Пока суд да дело, охрану в больнице усилили, а Харьков и Пермь стали спорить; кому судить Артема-Сергеева? Впрочем, серьезными уликами ни одна сторона не располагала. И следователи стали склоняться к мысли о том, не лучше ли выждать; авось эта распря меж губерниями разрешится смертью подсудимого.
Но Федор не умирал.
Одному сердобольному вору из выздоравливающих вздумалось покормить Федора супом. Другой уголовник прикрикнул на него:
— Сдурел! Температура за сорок, а ты ему ложку в рот!
Но тот не послушался. К изумлению всех больных, умирающий вдруг, не открывая глаз, втянул в себя варево. Ложку за ложкой глотал кашу, сладкий чай.
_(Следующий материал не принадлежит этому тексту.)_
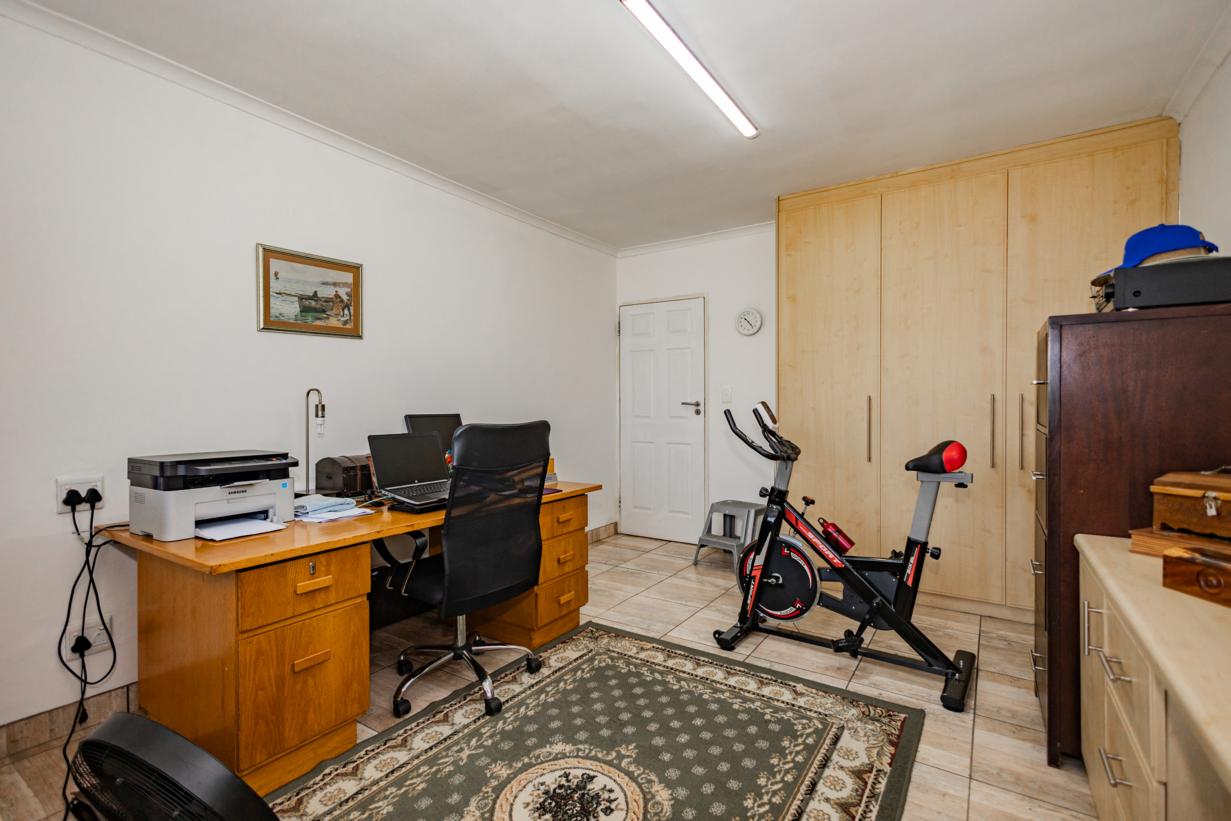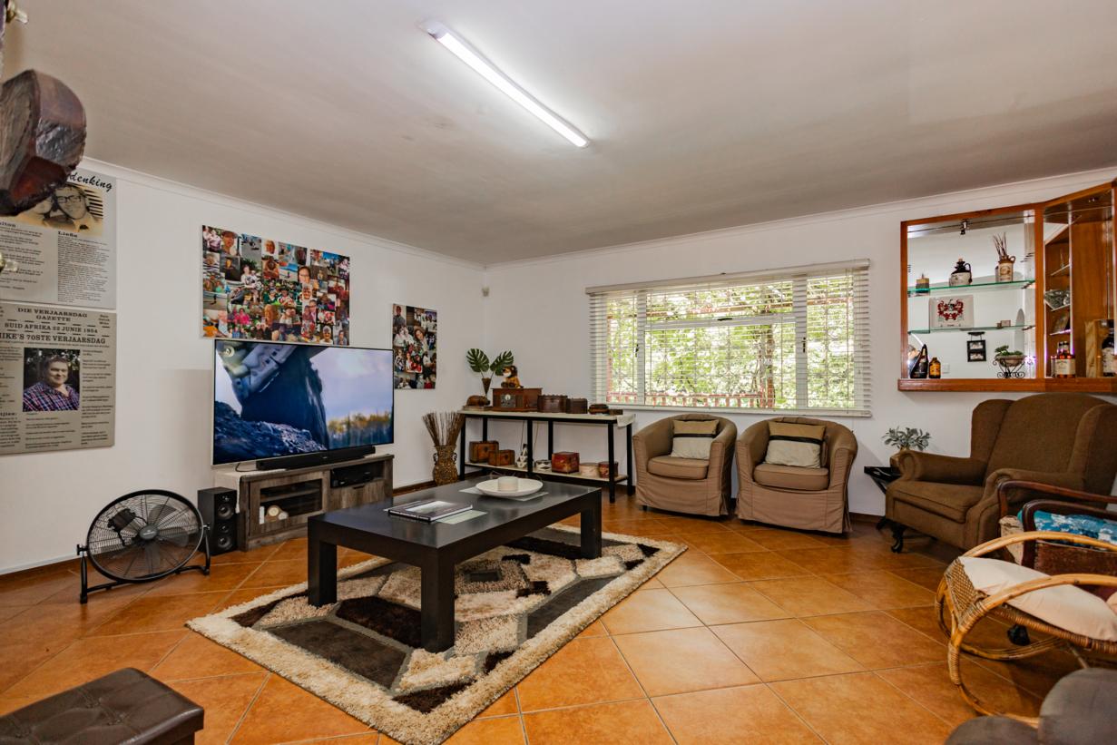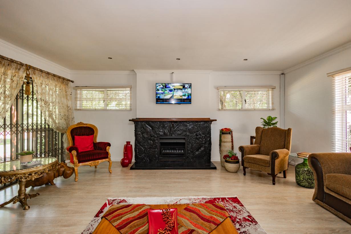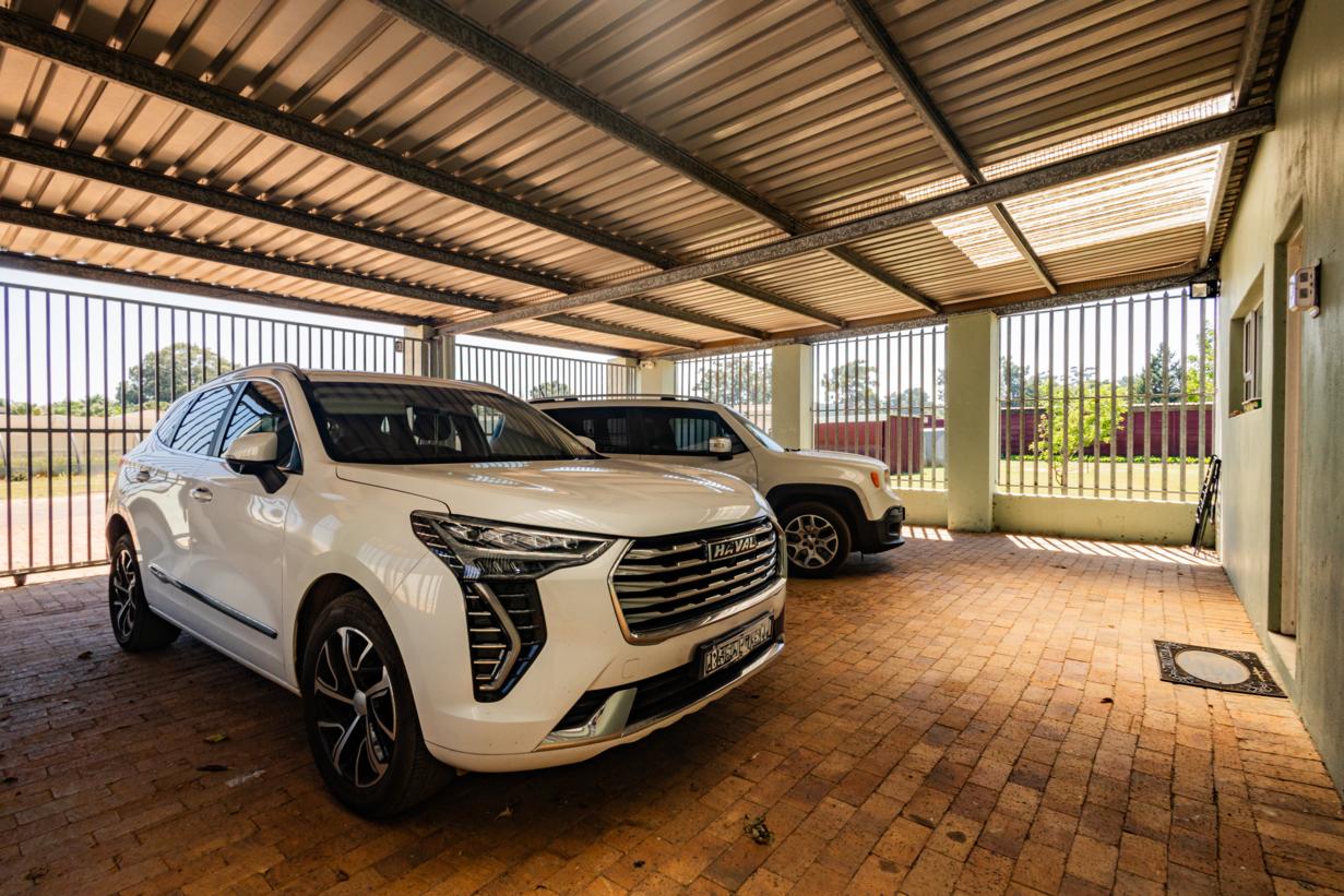 - Security features including burglar bars, safety gates, an alarm system, beams, and a camera-controlled front gate with two monitors for 12 cameras
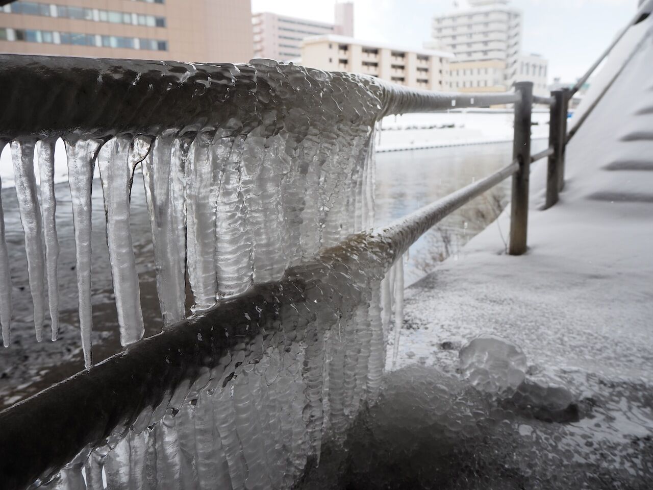 久しぶりに北上川を覗いてみると、冬になる前に比べて随分水量が減っていて、川底の黒い岩が幾つも顔を覗かせています。いま水は雪のまま山に蓄えられているところ、春の雪解けで一気に水量は元に戻るでしょう。しかし、それはまだもう少し先のこと、橋のたもとの日陰では、歩道の手すりに大きな氷柱がありました。
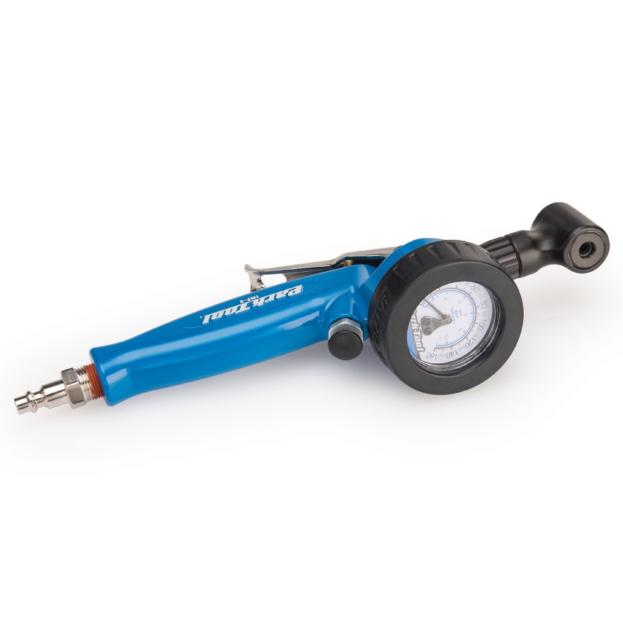 自転車用タイヤの空気入れ、空気圧の調整が素早く、簡単に行うことが出来るインフレーターヘッド。
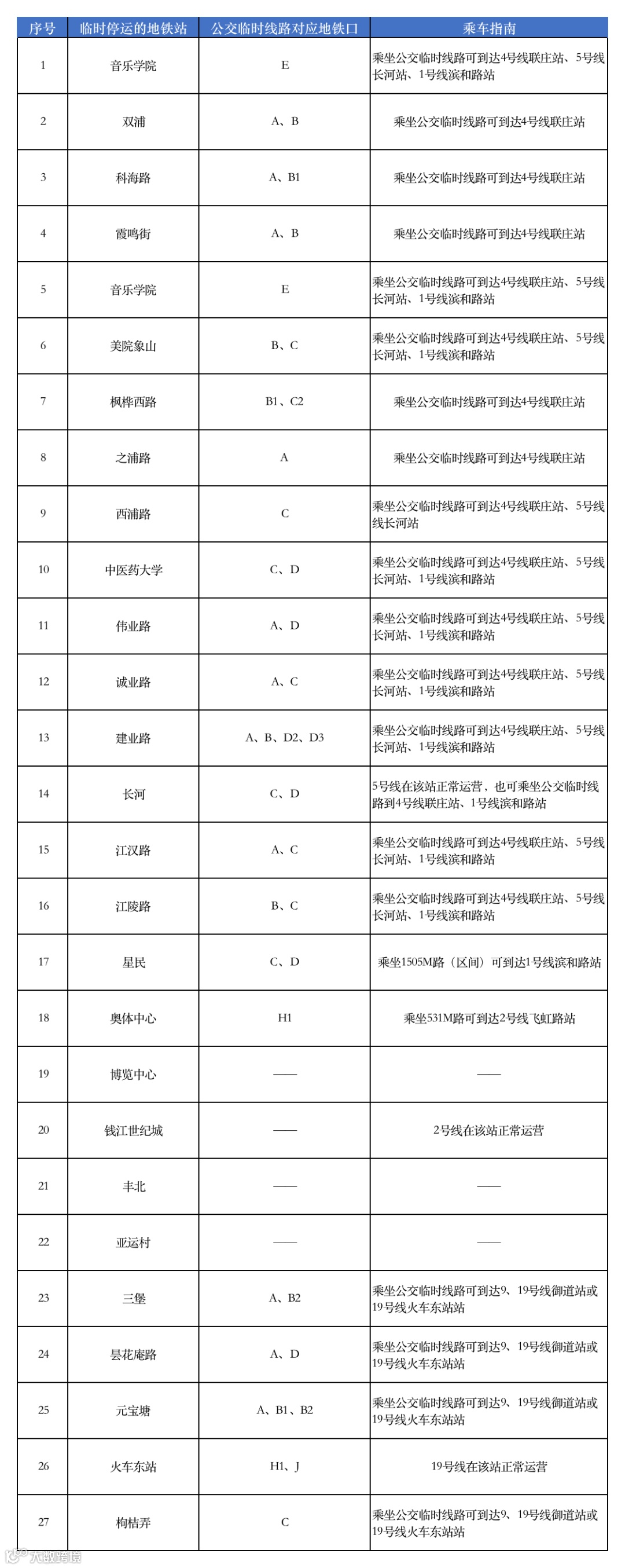 针对临时停运的地铁站
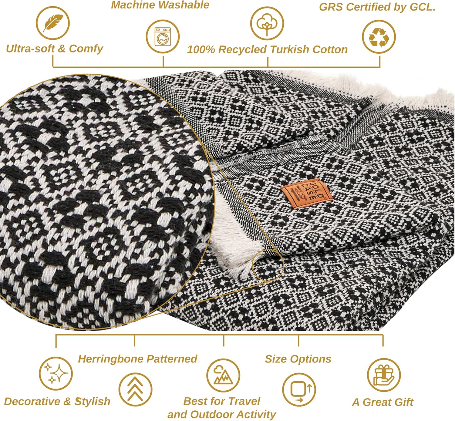 Gold Case Throw Blanket for Couch - 100% Recycled Turkish Cotton Blankets & Throws - Retro Soft Throw Blankets for Living Room Sofa - Boho Decorative Woven Throws for Couch - 60x80 - Black
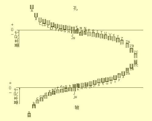 從基本偏差系列圖中可以看出:孔的基本偏差A~H和軸的基本偏差k~zc為下偏差; ,孔的基本偏差K~ZC和軸的基本偏差a~h為上偏差,JS和js的公差帶對稱分布于零線兩邊、孔和軸的上、下偏差分別都是+IT/2、-IT/2。基本偏差系列圖只表示公差帶的位置,不表示公差的大小,因此,公差帶一端是開口,開口的另一端由標準公差限定。
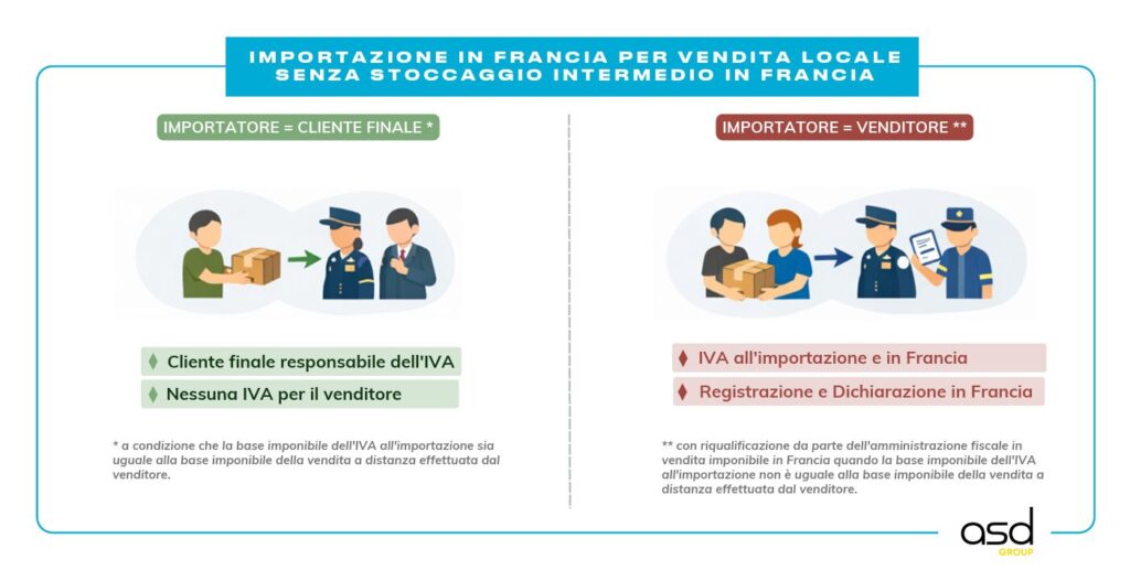 In tali circostanze, il venditore non è soggetto all’IVA all’importazione in Francia. Inoltre, la vendita che effettua al cliente finale è considerata localizzabile al di fuori del campo di applicazione territoriale dell’IVA; pertanto, non è soggetto all’IVA in Francia a titolo di tale vendita.
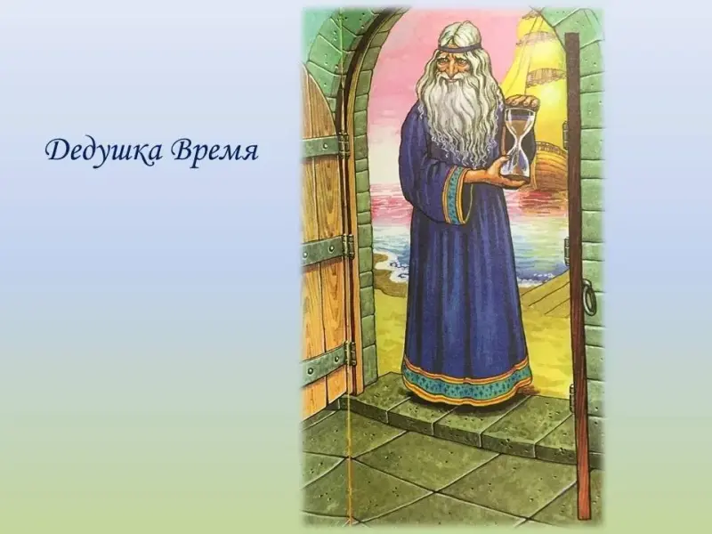 - Внезапно по дворцу разнесся мелодичный звон. В дверях показался Дедушка Время. Он спросил у детей: «Вы откуда здесь взялись, как попали сюда, что вам нужно, время хотите обмануть?» На помощь
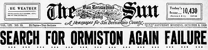 As McPherson's accused lover who allegedly assisted in the kidnapping fraud, Ormiston was a prominent defendant in the 1926 grand jury inquiry. He had been McPherson's radio operator and was crucial in getting her programs on the air. He was described as about 5 feet 11 inches (180 cm) tall, bald, slender, and good-natured with a wonderful disposition.[98] He also had a distinctive limp that frequently identified him more than any other feature. During the time of McPherson's disappearance, newspapers freely speculated about him and the Los Angeles DA office initiated various manhunts accompanied by front-page headlines, searching for the elusive radioman.[99] Though the Los Angeles prosecution and two city newspapers spent lavishly to romantically connect McPherson with Ormiston, no conclusive evidence that they were lovers could be uncovered.[100] To some law enforcement officials outside of Los Angeles, the pursuit of Ormiston was done for publicity.[101][102][103]

Доктор не мог надивиться странному тифозному больному. Сознание затемнено, температура высокая, а пищу принимает.
И к постели Федора потекли передачи — политические делились последним.
Наступил день, когда больной открыл глаза, и дело пошло на поправку.
Больные радовались, как своему собственному выздоровлению:
— С воскресением из мертвых, Громогласный!
— Дашь еще духу царю и всем его драконам? Валяй!
Федор блаженно улыбался, но ничего не слышал. Оглушила хина, которую пил от цинги. Как только рука смогла держать перо, отправил Екатерине Феликсовне длинное письмо.
НА СЕВЕРЕ ДИКОМ...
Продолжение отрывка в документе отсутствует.